> [Task requirements] Copy nothing but the lines below, from the one with "男性向けラノベタイトル風あだ名 | 『いのうえしんすけの憂鬱』 |" through the one with "コロッケとごま油サラダ+バナナ付き&野菜炒め&ハタハタの味噌汁", exactly as written; no pictures should appear.

> [Data provided]
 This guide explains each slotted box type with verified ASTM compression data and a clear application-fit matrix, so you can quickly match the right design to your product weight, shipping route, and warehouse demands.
...
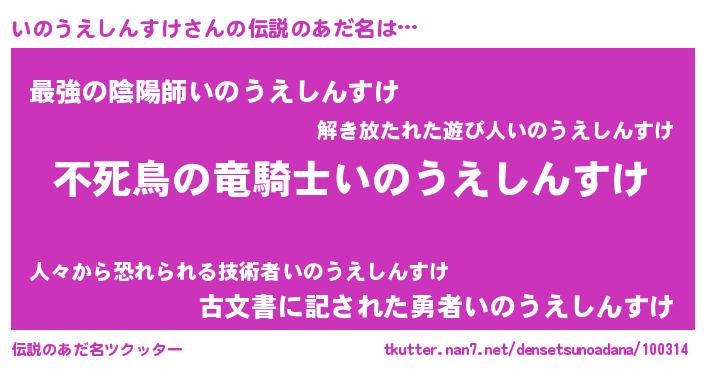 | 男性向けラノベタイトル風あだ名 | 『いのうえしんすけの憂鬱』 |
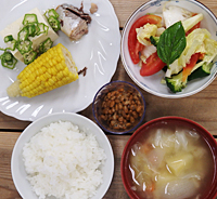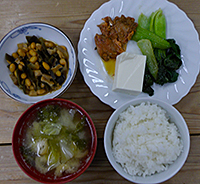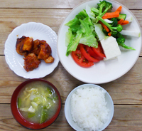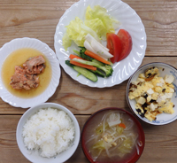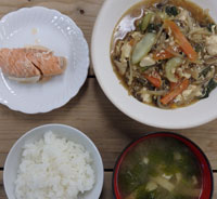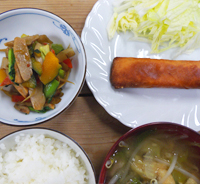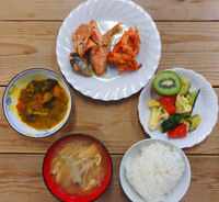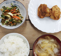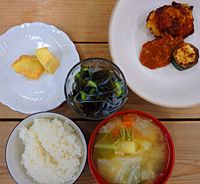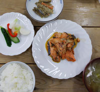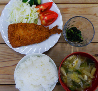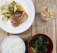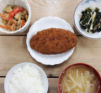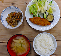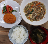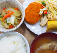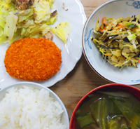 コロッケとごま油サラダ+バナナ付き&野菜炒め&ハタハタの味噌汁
...
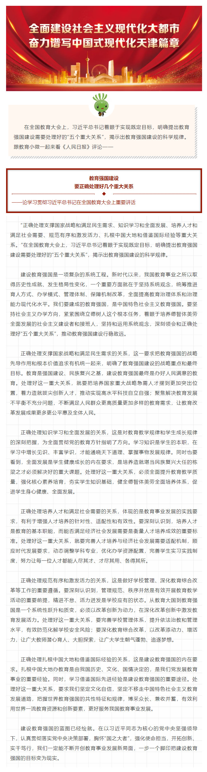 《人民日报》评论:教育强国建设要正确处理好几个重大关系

> [Solution to this problem]
 | 男性向けラノベタイトル風あだ名 | 『いのうえしんすけの憂鬱』 |
 コロッケとごま油サラダ+バナナ付き&野菜炒め&ハタハタの味噌汁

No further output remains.